**What needs to be done:** Begin your transcription at the line containing "今のスタイルに自然に取り入れ" and continue it, word for word, to the final line below. Include only those lines and skip the pictures.

**Supplied data:**
§

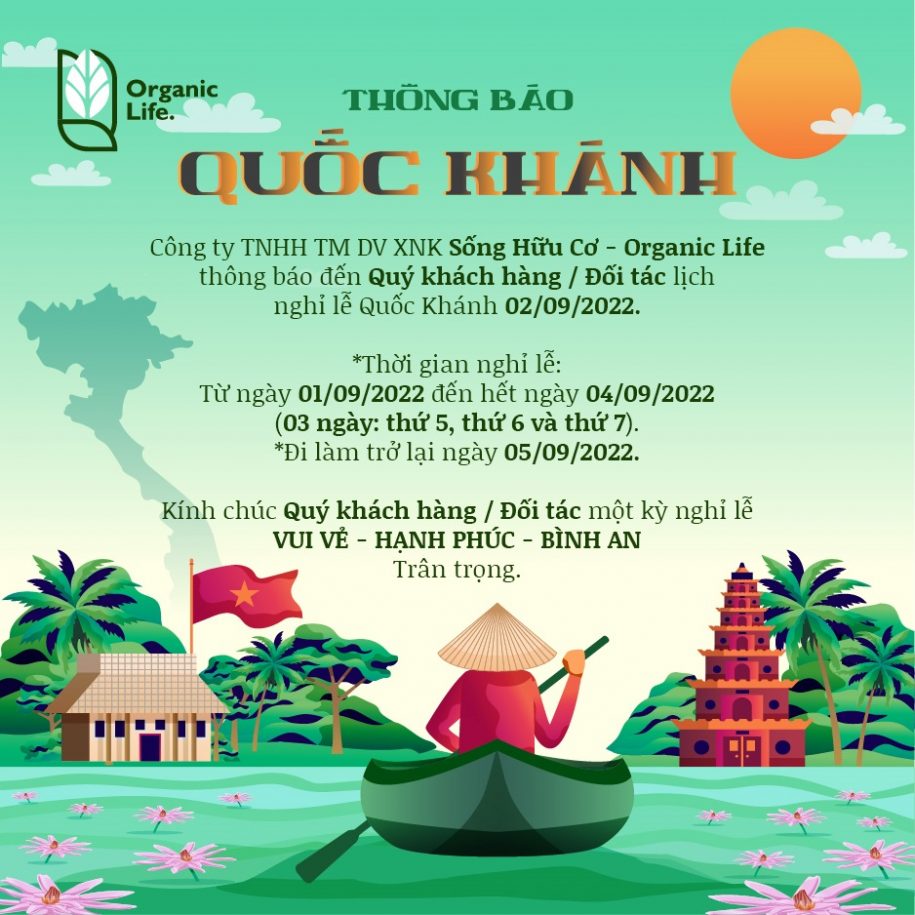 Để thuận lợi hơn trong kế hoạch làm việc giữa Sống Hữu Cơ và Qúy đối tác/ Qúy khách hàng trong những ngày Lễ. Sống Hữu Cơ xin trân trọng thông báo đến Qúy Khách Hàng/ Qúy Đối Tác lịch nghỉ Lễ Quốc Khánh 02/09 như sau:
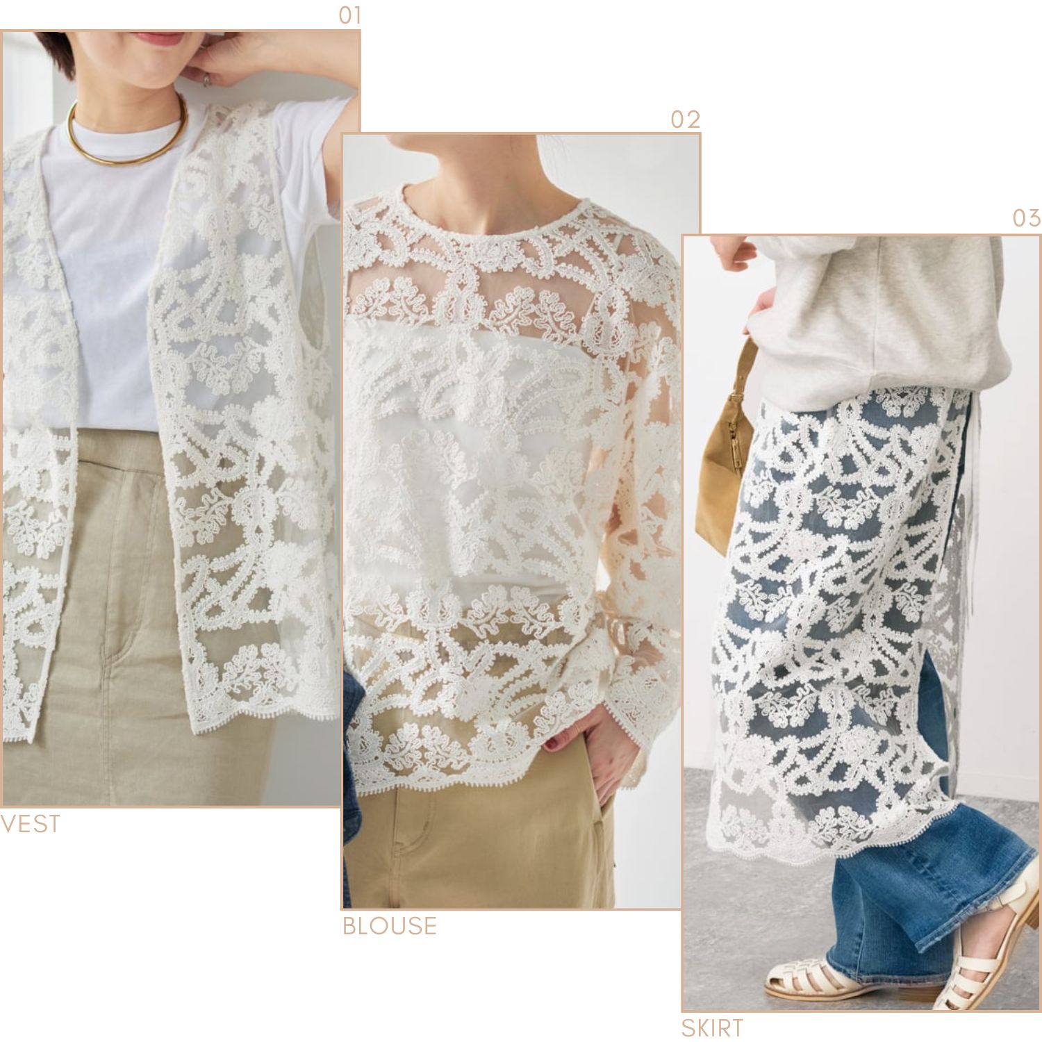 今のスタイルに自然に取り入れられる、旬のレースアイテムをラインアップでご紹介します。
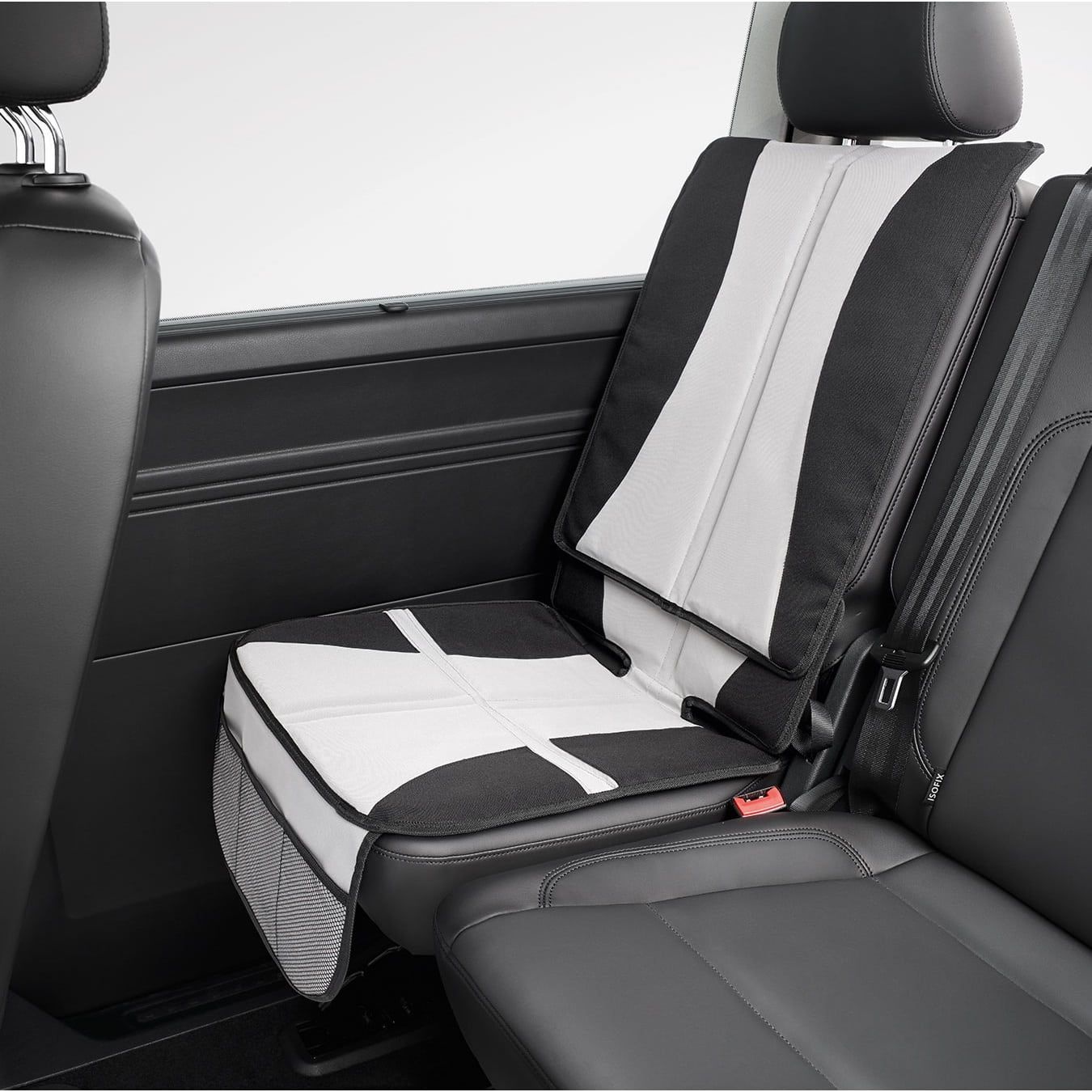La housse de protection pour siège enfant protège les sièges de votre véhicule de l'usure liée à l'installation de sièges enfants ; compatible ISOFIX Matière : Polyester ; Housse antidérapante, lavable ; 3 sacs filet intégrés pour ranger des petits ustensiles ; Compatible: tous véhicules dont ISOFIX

§

**Answer space:**
 今のスタイルに自然に取り入れられる、旬のレースアイテムをラインアップでご紹介します。
La housse de protection pour siège enfant protège les sièges de votre véhicule de l'usure liée à l'installation de sièges enfants ; compatible ISOFIX Matière : Polyester ; Housse antidérapante, lavable ; 3 sacs filet intégrés pour ranger des petits ustensiles ; Compatible: tous véhicules dont ISOFIX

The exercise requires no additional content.